La loro missione è quasi finita. Nell’aria si respira già la trepidazione della partenza. Sei mesi nel sud del Libano, la voglia di tornare a casa diventa ogni giorno più forte. Ma lasciare il libano non è facile, quando si aiuta un popolo a rinascere, in qualche modo se ne diventa parte. Il sud del Libano, solo pochi mesi fa punteggiato da villaggi distrutti, ponti abbattuti, strade dissestate, ora è una regione in pieno sviluppo. Un cantiere a cielo aperto, fatto di ruspe in movimento, di operai al lavoro, di soldi piovuti un po’ da tutto il mondo. Gli Hezbollah, l’organizzazione radicale sciita di cui di fatto è impregnato il tessuto sociale di questa regione, hanno ripiegato nelle retrovie di una paese che sembra aver voglia di crescere dopo la guerra israelo libanese dell’ estate scorsa. Nel 2006 gli italiani sono arrivati in Libano sotto il preciso mandato delle Nazioni Unite che hanno investito 13 mila soldati, 2450 dei quali italiani. Dallo scorso aprirle, il Generale Maurizio Fioravanti guida il contingente che controlla la zona sud ovest del paese, un’area di circa 900 km quadrati. Comandante della Brigata Paracadutisti della Folgore, ha partecipato alla sua prima missione all’estero proprio in Libano negli anni ’80 quando era un giovane tenente, poi in Bosnia e di nuovo qui come generale.  Nel suo ufficio nel centro della base di Tienine, controlla il piccolo mondo che gli è stato assegnato: “E’ stata la missione più bella che ho fatto, questo paese entra nel cuore”.
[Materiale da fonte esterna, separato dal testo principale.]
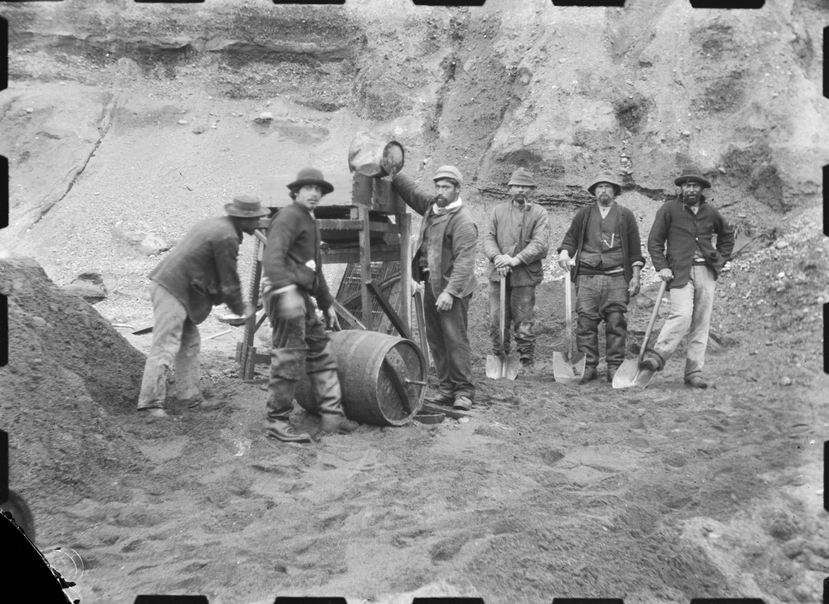 Fotografi från Eldslandet. Motiv av en grupp arbetare i stenbrott/grustag.
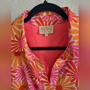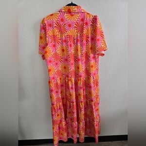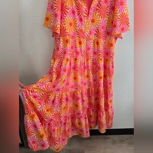 SSYS the label The Short Sleeve Emery Midi Dress in Pink Orange Daisy XL
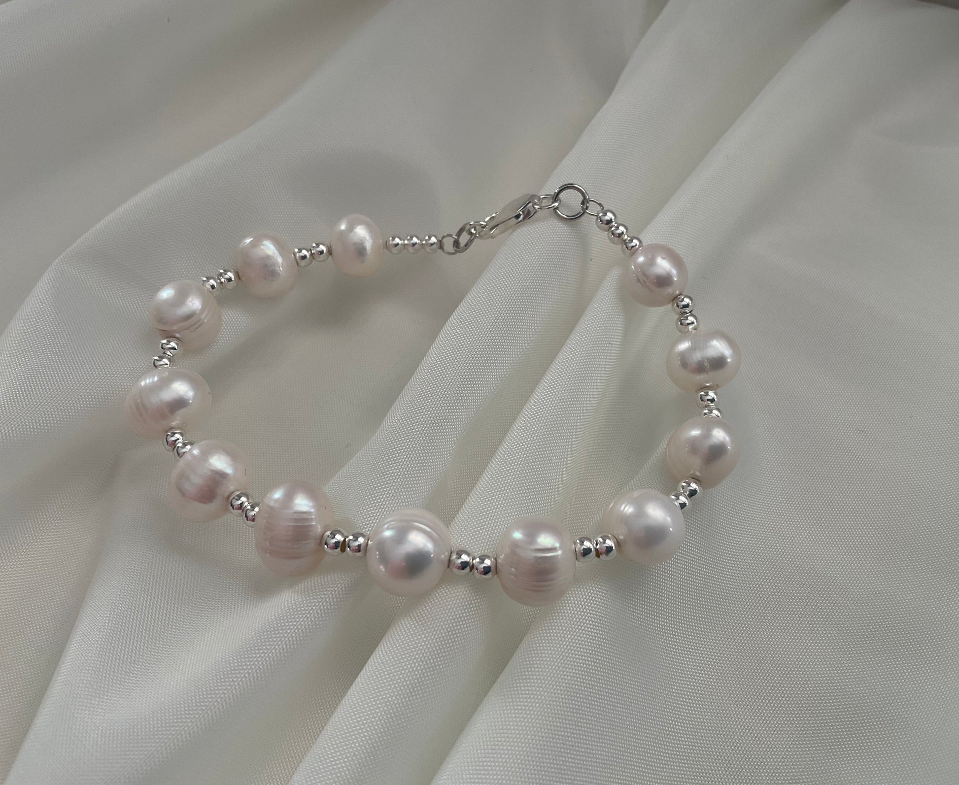 Handmade using luminous freshwater pearls, each bracelet is delicately spaced with polished sterling silver beads, creating a beautiful balance of softness and shine. The natural shape and gentle glow of the pearls ensure that no two pieces are ever exactly the same — a quiet reminder of their individuality.
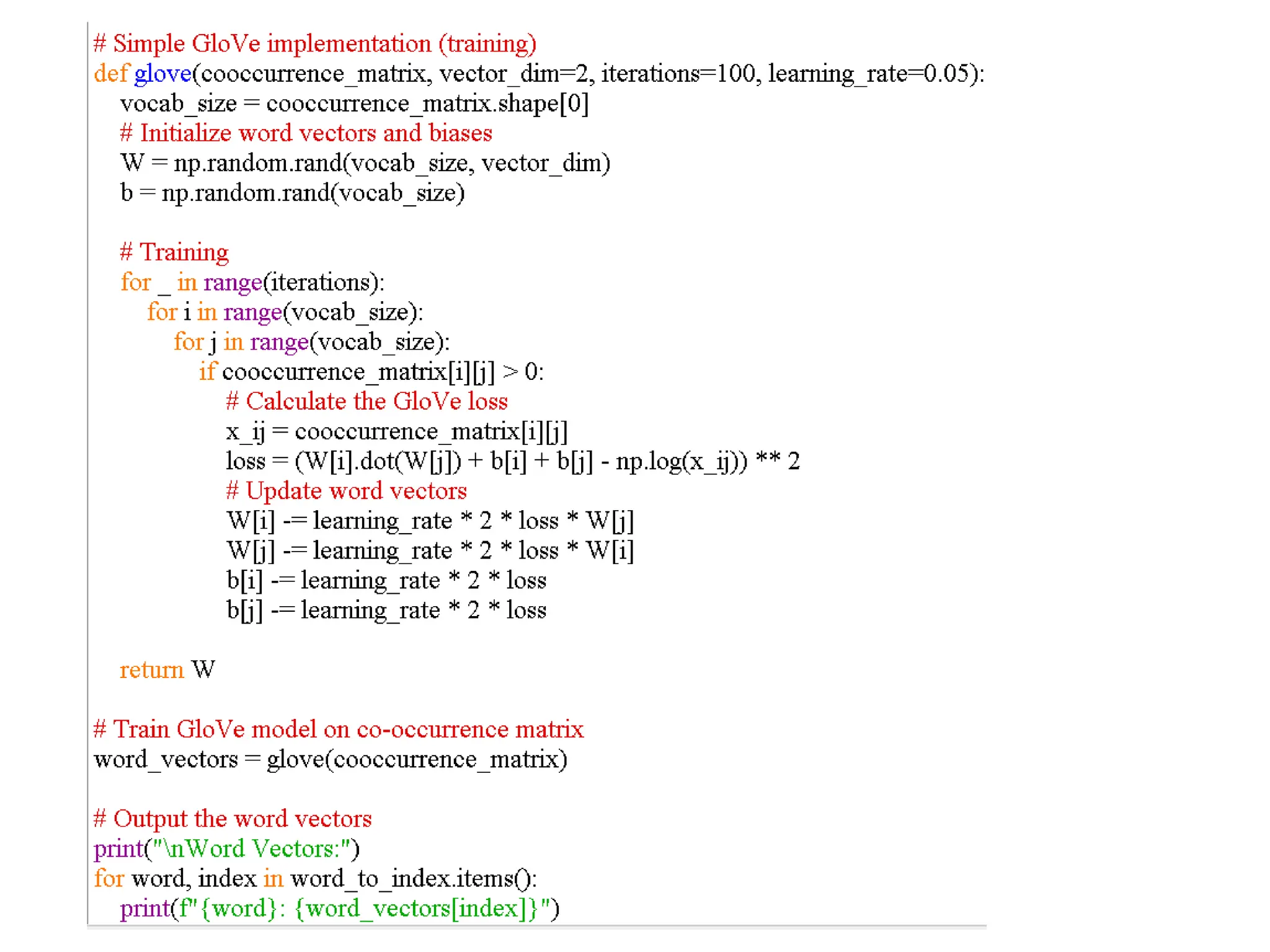 aining: The glovefunction implements a simplified version of the GloVe training process, updating word vectors based on the GloVe loss function.
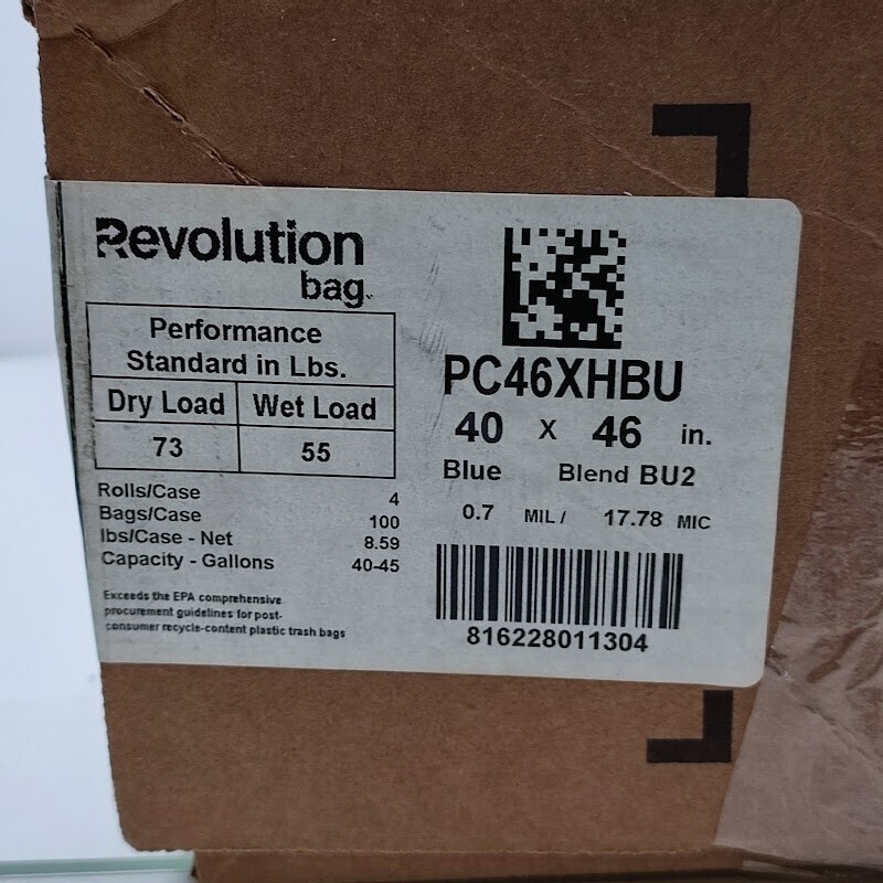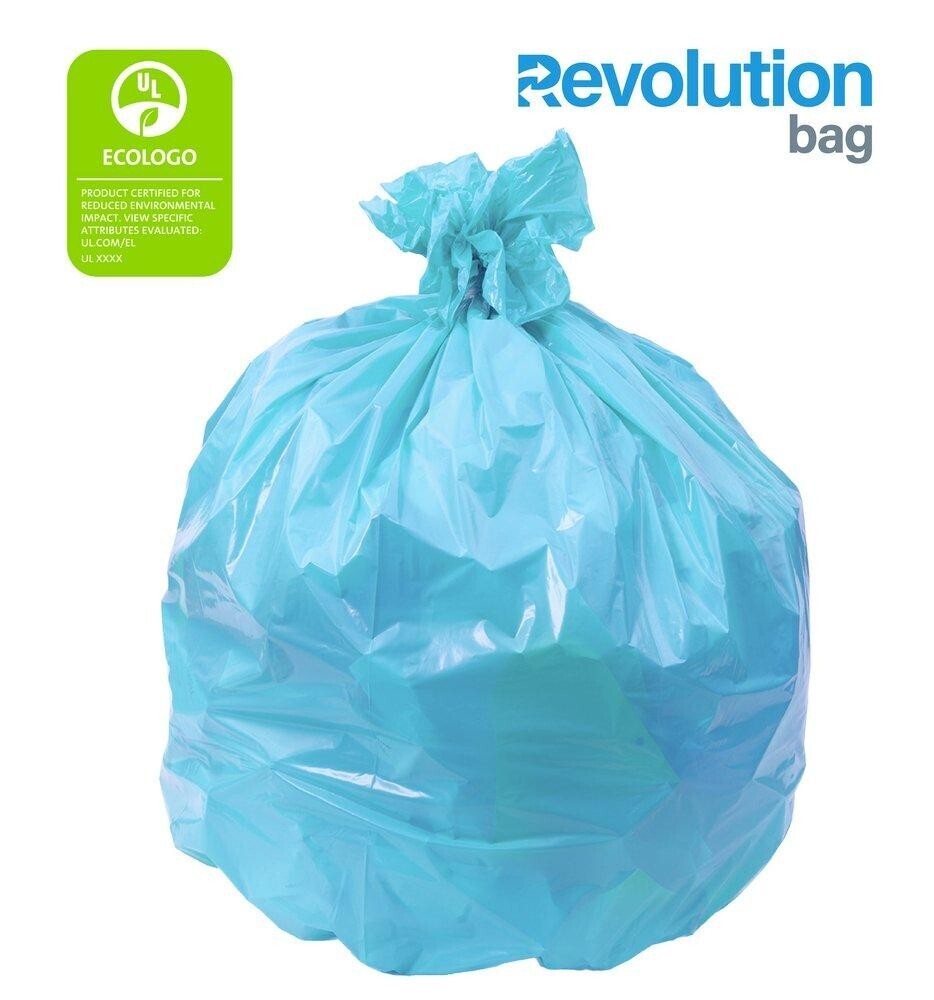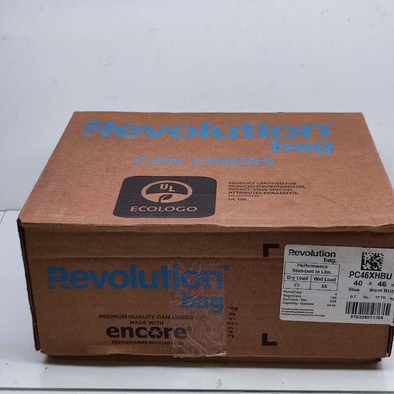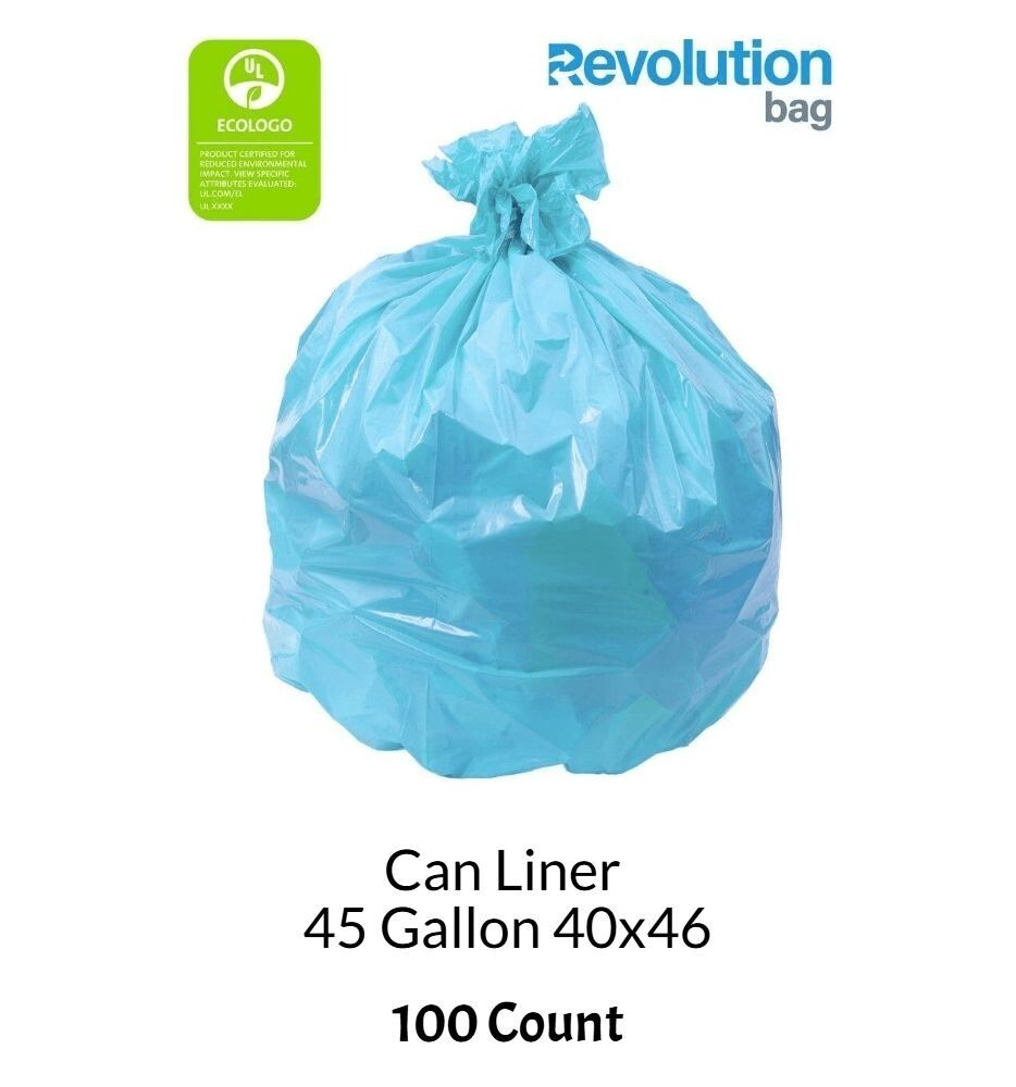 Introducing the Revolution Bag Liner - the eco-friendly solution for your commercial waste management needs. Crafted from durable 0.7mil/17.8mic plastic, these blue can liners are designed to withstand the demands of busy foodservice, office, and cafeteria environments. With dimensions of 40x46 inches, they effortlessly fit 45 gallon containers, ensuring a secure and leak-proof fit. Packaged in convenient cases of 100 liners, this product offers unbeatable value and efficiency for your business. Complement it with Revolution Bag's range of trash cans and accessories for a complete waste management system that prioritizes sustainability without compromising quality.

Ormai siamo agli sgoccioli, la missione della Folgore è finita, è tempo di tirare le somme, il bilancio è positivo?

Assolutamente, basta dare un’occhiata in giro, si respira voglia di vivere, di stare bene, di sapere che le cose funzionano. Sono cambiati gli sguardi delle persone e noi siamo fieri di avere contribuito con decine di progetti di sviluppo e di cooperazione. Non è stato sempre facile, è stato impegnativo, ma credo che ogni giorno che passa senza conflitti è un giorno più verso la pace e l’ottimismo. Questo non significa che ormai il lavoro sia finito, ci sono bambini che non conoscono la pace, ci vorranno anni perché sappiano come si vive senza paura, ma uno è già trascorso.

Le missioni italiane all’estero sono sempre obiettivo di discussione in Italia. Come si spiega quanto è importante quello che i militari italiani fanno all’estero.

Noi facciamo quello che ci dice il governo e il parlamento, ma quando si finisce un lavoro ci si può guardare indietro e capire se si è stati utili, qui per la prima volta in decenni l’esercito libanese ha messo piede nel sud, lavoriamo insieme e li aiutiamo a crescere. Dal punto di vista sociale c’è stato anche un maggiore cambiamento, le milizie non sono più l’unico punto di riferimento della popolazione, sanno che possono contare su di noi, sulla polizia locale, ci hanno visti e ci sentono sempre. Quanto conta il rapporto con la gente locale per il successo di una missione all’estero?

E’ fondamentale. Per noi è come se ci sentissimo a casa in Libano. Abbiamo trovato degli amici, lo si capisce dai piccoli gesti quotidiani, da come sono pronti a dividere il poco che hanno. Avere il loro consenso è il successo della missione, e questo noi lo avvertiamo, ma soprattutto, a il livello pratico per quanto riguarda anche la nostra sicurezza, loro sono i primi sensori delle minacce che possono arrivare fuori e un rapporto di fiducia reciproco aiuta.

Anche con gli Hezbollah?

Noi ci rapportiamo alle istituzioni, molti amministratori locali sono legati al movimento degli Hezbollah, ma noi non facciamo differenze tra le persone, che siano sciiti, sunniti o cristiani. Rappresentiamo l’Italia e il nostro lavoro è stato adempiere alla risoluzione delle Nazioni Unite.

La politica libanese spaccata non aiuta.

Tu mi parli di politica, io della gente  che vuole andare avanti e per me questo è un segnale importante per il futuro di un paese.

E gli israeliani?

E’ il generale Graziano (comandante dell’Unifil) che parla con loro, noi abbiamo il compito di verificare tutte le segnalazioni che ci arrivano, pacchi sospetti, movimenti strani che avvengono da questa parte, ma anche i sorvoli dell’aviazione di Tel Aviv, negli ultimi mesi all’Onu abbiamo notificato almeno 140 di quelle che per i libanesi sono violazioni del territorio e per gli israeliani controlli di sicurezza.